Fig. 7 has described the schematic flow sheet of application global lock operation.Concrete steps are as follows:

Step 1, when the latching operation administration module of local node is received the request of application lock, not carries out the request of answering but sending global lock between application node to the latching operation administration module of global lock operational administrative node Lock Manager immediately.

Step 2, the latching operation administration module of Lock Manager receives after request, the request of sending application node internal lock to the latching operation administration module of all nodes in view.

Step 3, the latching operation administration module of each node can be in its intra-node application for execution node latching operation, the latching operation administration module of then answering Lock Manager.

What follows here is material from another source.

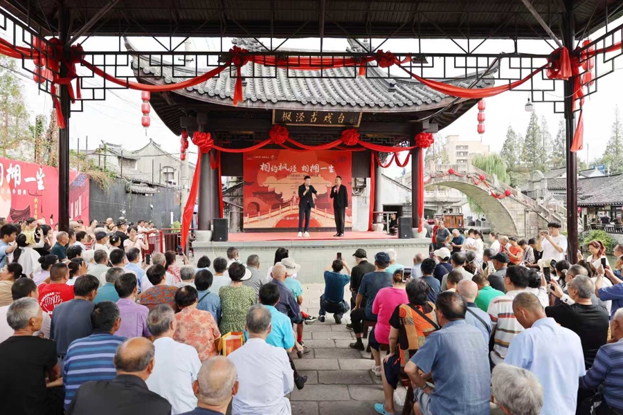 10月1日下午,距离笑天地专场滑稽戏开演还有半个小时,枫泾古戏台前的长条凳上早已座无虚席。作为枫泾国庆期间的首场文旅活动,上海知名滑稽笑星轮番登台献艺,女生独唱《我爱你中国》、独角戏《欢乐同行》等节目引得台下掌声与欢呼声不断。

Step 4, the latching operation administration module of Lock Manager, after collecting all confirmation answers, is answered the latching operation administration module of initial application latching operation, allows it to carry out atom accessing operation.

Certainly; the present invention also can have other various embodiments; in the situation that not deviating from spirit of the present invention and essence thereof; those of ordinary skill in the art are when making according to the present invention various corresponding changes and distortion, but these corresponding changes and distortion all should belong to the protection domain of claim of the present invention.

Claims

1. the no tight coupling multinode multicomputer system in shared address space, is characterized in that, comprising:

Control module between node, shares for realize the system address space of global view between a plurality of server nodes of no tight coupling;

2. system according to claim 1, is characterized in that:

Described server node comprises at least one processor, at least one Memory control module, and at least one I/O control module.

3. system according to claim 1, is characterized in that:

Between described node, control module comprises:

The network interface being connected with each server node;

4. system according to claim 3, is characterized in that:

In described system address space mapping block, set up and have a global system Address space mappinD relation table and an intra-node resource mapping table;

5. system according to claim 4, is characterized in that: all shared resources of same server node are mapped in one section of continuous MMIO address space.

6. system according to claim 3, is characterized in that:

The latching operation administration module of described support atomic instructions, for realizing the mutually exclusive operation between a plurality of server nodes.

7. according to the system described in claim 3-6, it is characterized in that:

The memory source that described local real resources is described server node and I/O resource.

8. a data access method for the no tight coupling multinode multicomputer system in shared address space,

It is characterized in that, comprising:

S2: described data access request is forwarded to controller ENC between node;

S4: corresponding remote node is received after described reading out data request, determines the address of the real resources of this remote node inside that described data access request will be accessed according to the intra-node resource address spatial mappings table of configuration.